また、前述のように、本件で証拠となったすべての癒着胎盤の症例で、胎盤の用手剥離を開始した場合には剥離を完了したのが立証された。これがわが国における医療の実践である。胎盤剥離を開始して、途中で中止して子宮を摘出することは、わが国の臨床医学の実践における医療水準や標準医療でないことは証拠上明らかである。
検察官側の鑑定証人である田中教授が、周産期医療の権威として名前を出した多くの専門家が、起訴前に検察官に対して意見書を提出し、胎盤の用手剥離の中止は医療の実践にないと訴えた。検察官は専門家の意見を真摯に聞かずに、周産期の専門家ではない田中教授の鑑定書や供述調書を依拠に起訴に及んだ。専門的な医療の施術が問題となった裁判において、誰1人専門家の意見を聞いていない検察官の態度は誠に驚くべきことである。強く批判されるべきである。

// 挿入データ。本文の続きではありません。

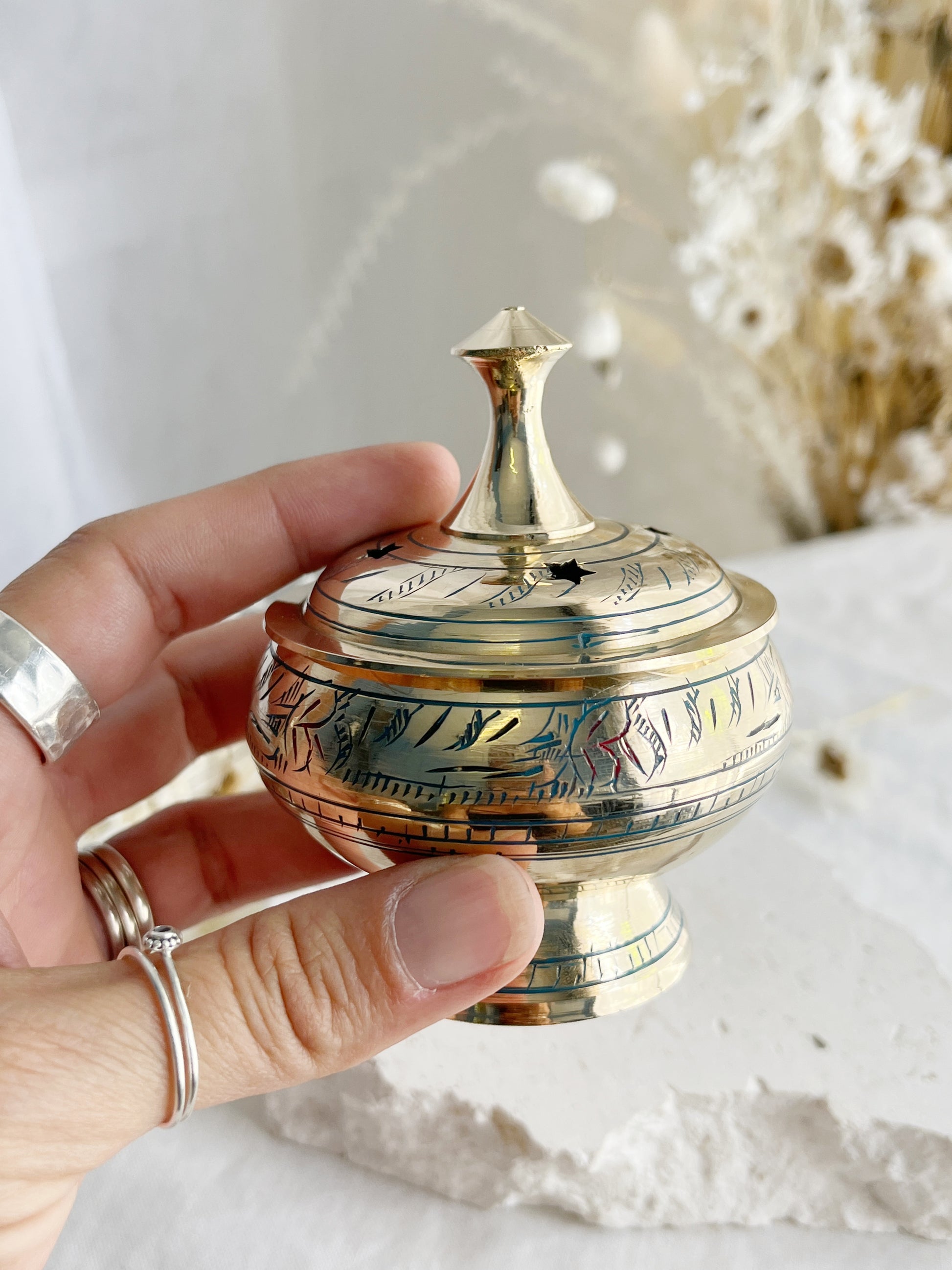 Brass burner. For use with Incense cones | charcoal tablets | resin | loose incense. Approx 8.5x6.5cm

産科医療の崩壊と医療現場の混乱を憂えた厚生労働省は、検察庁、警察庁担当者を含む検討会を経て、医療安全調査委員会の第三次試案を公表している。第三次試案では、医師法21条改正し、医療死亡事故の届出は、施設の長が、警察に対してではなく、医療の専門家中心の調査委員会に行う。警察は、患者側の訴えがあっても、調査委員会に調査を依頼するようにすすめる。調査委員会は、医師に重大な過失があり、わが国の標準医療に著しく反していると判断するものについて、警察に通知する。この第三次試案の中に、専門家の意見を無視して行った本件起訴に強い危惧の念があることは多言を要しない。
本件患者は、わが国の医療水準に反した医療行為により死亡したものではない。被告人の医療行為は、病態に即して行われた産科の標準的な医療であり、過誤はない。カルテ等客観的資料をから、患者の病態や被告人の医療行為を判断した岡村教授と池ノ上教授は、自分が担当医であれば、被告人と同様の施術をしたと証言している。
被告人は、厳しい労働環境に耐え、地域の産婦人科医療に貢献してきた優秀な産婦人科医である。懸命の努力にかかわらず、患者を死なせてしまった被告人の無念さと悲しみは、公判で被告人が供述するとおりである。
被告人は、真摯に本件患者の死を悼み、患者の家族に頭を下げ、逮捕まで月1度の墓参を欠かさなかった。この事実は、被告人の医師としての誠実な態度と真摯な姿勢を如実に表す。
本件患者が亡くなったことは重い事実であるが、被告人は、わが国の臨床医学実践の医療水準に即して、可能な限りの医療を尽くしたのであるから、被告人を無罪とすることが法的正義にかなうというべきである。
裁判長:以上ですね。では、意見陳述にうつります。
【被告人意見陳述】
患者さんに対しまして、信頼して受診していただいていたのに、お亡くなりになるという最悪の結果になりましたことに、本当に申し訳なく思っております。
初めて病院を受診されたときから、お見送りをさせていただいたときのいろいろな場面が、現在も頭に浮かび、離れません。
あの状況で、もっといい方法はなかったのかとの思いにいつも考えがいきますが、どうしても思い浮かばずにいます。
ご家族の方に、わかっていただきたいと思っているのですが、なかなか受け入れていただくことは難しいと考えております。
亡くなられたという事実は変えようもない結果ですので、私も非常に重い事実として受け止めております。ご家族の皆様には、大変つらい思いをさせてしまい、まことに申し訳ありません。
今回、できる限りのことは一生懸命行いました。
精一杯できるだけのことを行いましたが、悪い結果になり、一医師として非常に悲しく、悔しい思いをしております。
私は、真摯な気持ち、態度で、医療、産婦人科医療の現場におりました。
再び医師として働かせていただけるのであれば、また地域医療の一端を担いたいと考えております。
裁判所に対しましては、私の話に耳を傾けてくださり、また、真剣に審理していただきましたことに、深く感謝しております。
あらためまして、ご冥福を心よりお祈り申し上げます。
裁判長:次回、判決ですが、8月20日水曜日の午前10時からです。